__DIRECTIONS FOR THIS TASK__:
Once the line containing "- Entry point" is found in the entries below, reproduce it and every line after it, stopping at and including the line containing "Este recibidor es"; reproduce nothing else, and keep each line exact.

------ DATASET ENTRIES

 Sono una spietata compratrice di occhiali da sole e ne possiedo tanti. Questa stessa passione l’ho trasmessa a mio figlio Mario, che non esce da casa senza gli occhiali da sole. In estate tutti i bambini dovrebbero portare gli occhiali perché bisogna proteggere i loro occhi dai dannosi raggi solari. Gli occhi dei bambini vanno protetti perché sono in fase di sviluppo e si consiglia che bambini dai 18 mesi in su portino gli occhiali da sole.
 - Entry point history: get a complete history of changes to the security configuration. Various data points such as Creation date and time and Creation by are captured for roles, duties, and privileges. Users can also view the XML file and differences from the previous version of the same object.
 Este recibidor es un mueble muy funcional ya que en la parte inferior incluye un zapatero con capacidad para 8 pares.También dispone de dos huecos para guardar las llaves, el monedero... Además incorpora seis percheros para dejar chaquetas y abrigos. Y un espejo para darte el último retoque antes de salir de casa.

------------
------ DATASET ENTRIES

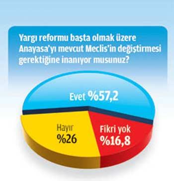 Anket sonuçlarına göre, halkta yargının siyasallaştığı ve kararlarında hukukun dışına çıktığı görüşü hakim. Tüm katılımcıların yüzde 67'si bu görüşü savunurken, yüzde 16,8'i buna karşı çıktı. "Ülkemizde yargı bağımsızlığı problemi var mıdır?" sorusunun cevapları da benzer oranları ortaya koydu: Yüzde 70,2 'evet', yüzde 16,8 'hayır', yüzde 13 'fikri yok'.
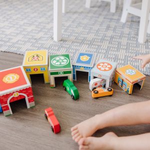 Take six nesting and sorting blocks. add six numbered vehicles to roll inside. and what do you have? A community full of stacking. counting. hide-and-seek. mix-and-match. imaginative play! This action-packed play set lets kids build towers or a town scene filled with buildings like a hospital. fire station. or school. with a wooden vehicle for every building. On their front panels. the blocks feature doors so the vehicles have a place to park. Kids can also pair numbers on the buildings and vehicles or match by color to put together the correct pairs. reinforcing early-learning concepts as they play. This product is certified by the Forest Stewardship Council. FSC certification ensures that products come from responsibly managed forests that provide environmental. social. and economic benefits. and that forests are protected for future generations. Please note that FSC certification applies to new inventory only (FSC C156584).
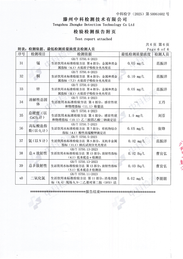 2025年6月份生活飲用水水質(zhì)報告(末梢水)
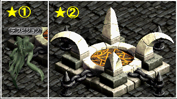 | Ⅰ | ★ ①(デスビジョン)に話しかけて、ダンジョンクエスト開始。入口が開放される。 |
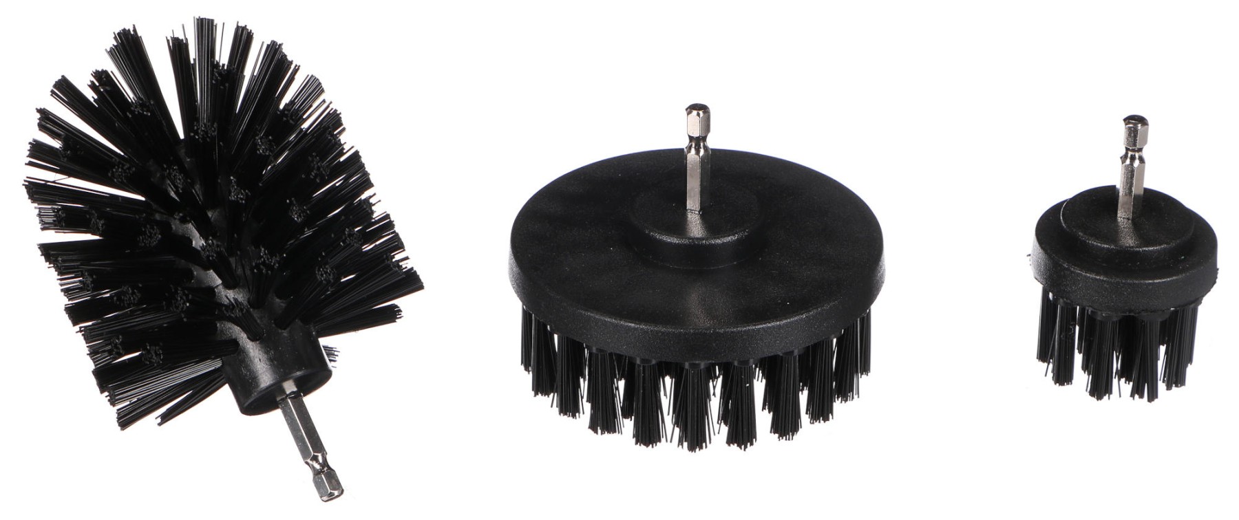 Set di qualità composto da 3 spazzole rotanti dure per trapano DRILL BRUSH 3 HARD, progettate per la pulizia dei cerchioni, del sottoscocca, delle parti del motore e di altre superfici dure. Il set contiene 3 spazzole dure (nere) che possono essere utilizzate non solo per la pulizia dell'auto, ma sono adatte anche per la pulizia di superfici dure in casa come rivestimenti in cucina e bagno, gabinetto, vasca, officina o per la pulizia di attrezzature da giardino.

------------

__YOUR RESPONSE__:
 - Entry point history: get a complete history of changes to the security configuration. Various data points such as Creation date and time and Creation by are captured for roles, duties, and privileges. Users can also view the XML file and differences from the previous version of the same object.
 Este recibidor es un mueble muy funcional ya que en la parte inferior incluye un zapatero con capacidad para 8 pares.También dispone de dos huecos para guardar las llaves, el monedero... Además incorpora seis percheros para dejar chaquetas y abrigos. Y un espejo para darte el último retoque antes de salir de casa.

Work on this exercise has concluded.